# I've reached a crossroads



## jrredmo (Apr 13, 2014)

This is sort of a long story, sorry in advance

My wife have a long sordid history. I met her when I worked at the Exxon across the street from Pizza Hut, where she worked at the time. She was dating a real POS at the time, and I was dead set on having her as my own. Over time I talked to her more and more and fell in love with her hard. It wasn't 3 months later before we got a place together.
Well, as all things do, they change. I lost my job at Exxon and started working for a local news paper as a contracted delivery driver. That is a all year round job that wears on you hard after a month or so. But in her eyes I had no reason to be tired. We fought and argued, I enjoyed the paper route, but she wanted more money.
One morning I returned home from the route and tried to cuddle up next to her in bed. She basically pushed me away, which started an argument. It ended with my wife saying she was moving out. It was devastating, but we kept communicating. It wasn't all sunshine and happiness, but we worked through it. We worked out our problems and 3 months later we were back together and moving into another house. We planned on getting married, and I asked her if she had slept with anyone during our separation. She told me no, so I moved on. It wasn't a week later before a guy shows up at our house wanting to talk to my wife. The situation escalated quickly, but luckily did not resort to violence. I once again asked my wife if she had slept with anyone while we were separated.
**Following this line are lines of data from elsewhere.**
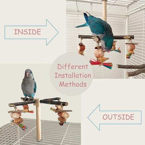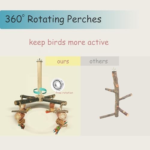 Bird Perch 360 Rotating Perch with Natural Chew Toys - Spinning Bird Toys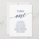 Estes elegantes cartões azuis da mesa número 1 assentos são perfeitos para um casamento simples. A design neutra apresenta uma carta minimalista decorada com tipografia romântica e caprichosa. A placa impressão na frente e atrás (lado duplo).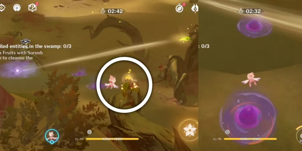 После пробуждения силы Хварены, игроки Genshin Impact должны собрать плоды Ниродха, чтобы очистить осквернение. Для этого с помощью Соруш подойдите к светящемуся цветку возле колючей ветки и используйте ее Умение. Это вызовет появление восьми зарядов плодов Ниродха, которые можно бросить с помощью кнопки Elemental Burst.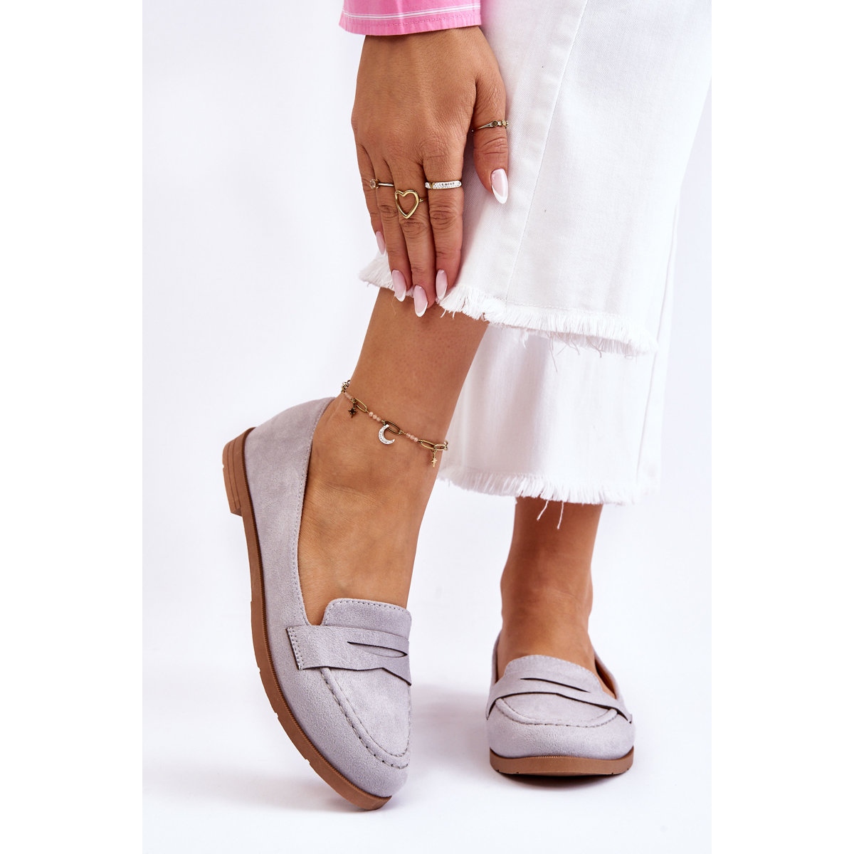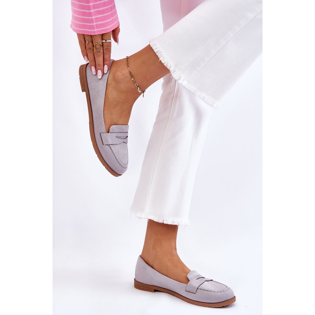 Montés sur un talon plat de 1,5 cm et une tige supérieure de 6 cm, ces mocassins offrent stabilité et maintien. Grâce à leur coloris gris universel, ils s'intégreront parfaitement dans de nombreux styles, aussi bien décontractés que plus élégants.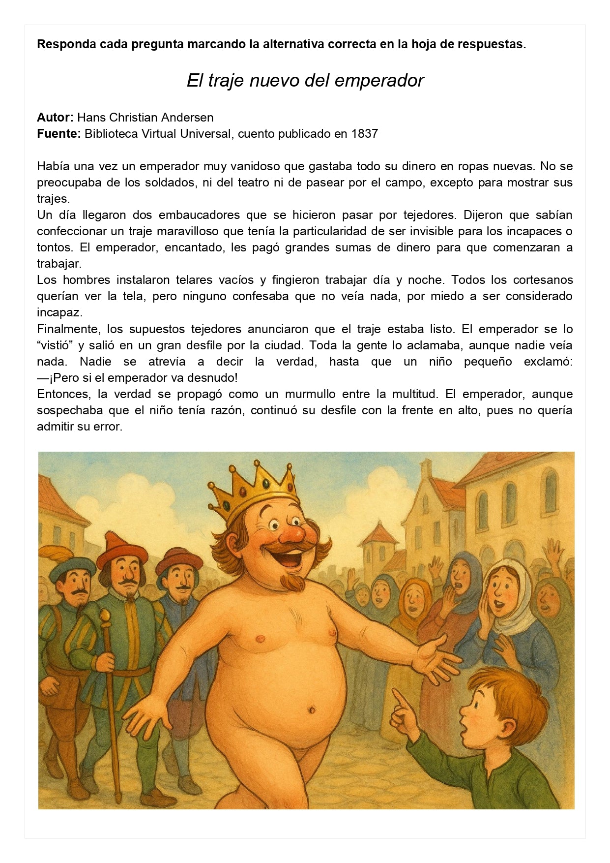 Perfecto para aplicar en aula, talleres de comprensión lectora o simulacros de evaluación.

She started crying and said she had slept with that very man. I was hurt, I didn't think that my wife could lie to my face like that. But I loved her, so I forgave her and moved on...though the scar is still there. We got married on 7/12/12, in the back yard of her great grand mothers house. I have to say that was one of the happiest days of my life. She was beautiful and I felt like I was luckiest guy.
The marriage was going well. She lost her job at Long John Silvers and I took up the reins and started working walmart as well as the paper route. She would cook and clean while I was at work, and I was happy with it, didn't mind working two jobs and coming home to a hot meal. Sometime after Christmas, my hours were cut down to nothing at walmart so I fell back to just doing the paper route. She started to worry about the rent, which at the time her grandparents told her not to worry about it. Well one day her grandparents told her that she was 3 months behind. Basically they wanted their money, didn't matter if she was family or not.
So we moved out in one day, and in with my brother and his girlfriend. It went well for a little bit until my wife and my brothers girlfriend started butting heads. So we started attempting to find another place and I started negotiating my contract with the newspaper. As I was negotiating my contract she started to push me into working with her at the factory. I was skeptical, as the only exposure to factory work I have been subjected to has been bad experiences (i.e. they hire you for 3 months and then find a reason to fire you). I attempted to tell her that I wasn't interested in a factory job but she started pushing me in that direction anyways. I eventually caved and took the job when it was offered to me. After a month, we finally found a decent house to rent. I took out a loan to cover the deposit on the house, electricity, and water and we moved in fairly quick. 
Finally we arrive in the present. I lost my job at the factory around the tail end of last year thanks to some jerk who basically did not like me at all. After speaking with my wife at length, she said she would take up a second job so I could focus solely on school. January rolled around and I started school, she never got the second job and we began bleeding out financially. I did find a job working with my friend at his BBQ pit. One day I came back home from work, with my wife arriving shortly thereafter. She sat down and told me that she was moving out and that she wanted a trial of separation, that she was unhappy with everything in her life and that she felt that if she didn't run from this she would regret it. I was fairly upset, seeing that she had pulled this once before. We talked about everything, neither of us wanted a divorce, both of us wanted to work it out, and both of us still loved each other.
We have been separated for a little over two weeks, and we speak regularly. I moved in with my friend and she has moved in by herself in the next town. She has even come to visit. But for the last two weekends I have made plans to spend time with her, and both times she has canceled. We were supposed to spend time together yesterday, but when I called to let her know I was heading in her direction, she ignored me...all day. I started getting worried that something had happened to her but I received a text from her this morning. I haven't been able to get a response from her beside the text, and she won't provide me with an excuse as to why she just left me hanging yesterday. I don't think she realizes or maybe doesn't even care that it hurts me immensely when she does stuff like this.
I have hit a point where I am starting to ask myself if my wife is worth the heartache and mental anguish. She acts like she doesn't really give a crap that she hurts me. I love my wife more than anything, but I don't feel like I can chase after her anymore. I'm not a highschooler and neither is she, we should be adults about it and talk about how we can fix our problems, not compounding the ones we already have.
I am wondering if I should keep fighting to save our marriage or if I should just let go. Any advice would be greatly appreciated.


----------



## oviid (Sep 27, 2013)

My advice would be to stop chasing her. If she cares enough she will contact you but what you are doing now is just pushing her away. Gain your confidence and realize that while a marriage is absolutely worth fighting for you have to fight smart. Being/acting desperate isn't a smart fight. 

Go cold and stop with the text messages and phone calls. Let her contact you. If there's another man involved you should find out too. Based on her previous deception in that area it's not unlikely that she's with that same guy or someone else. 

Concerning the job situation. It sounds like you have had a rough go of it for the entire marriage. To me it seems like the lack of security has contributed to pushing her away. I don't care what kind of job it is or where it is but you need to pull up the boot straps and make that happen.. work two jobs if you have to. A woman is attracted to a man who can handle his business and doesn't make excuses.


----------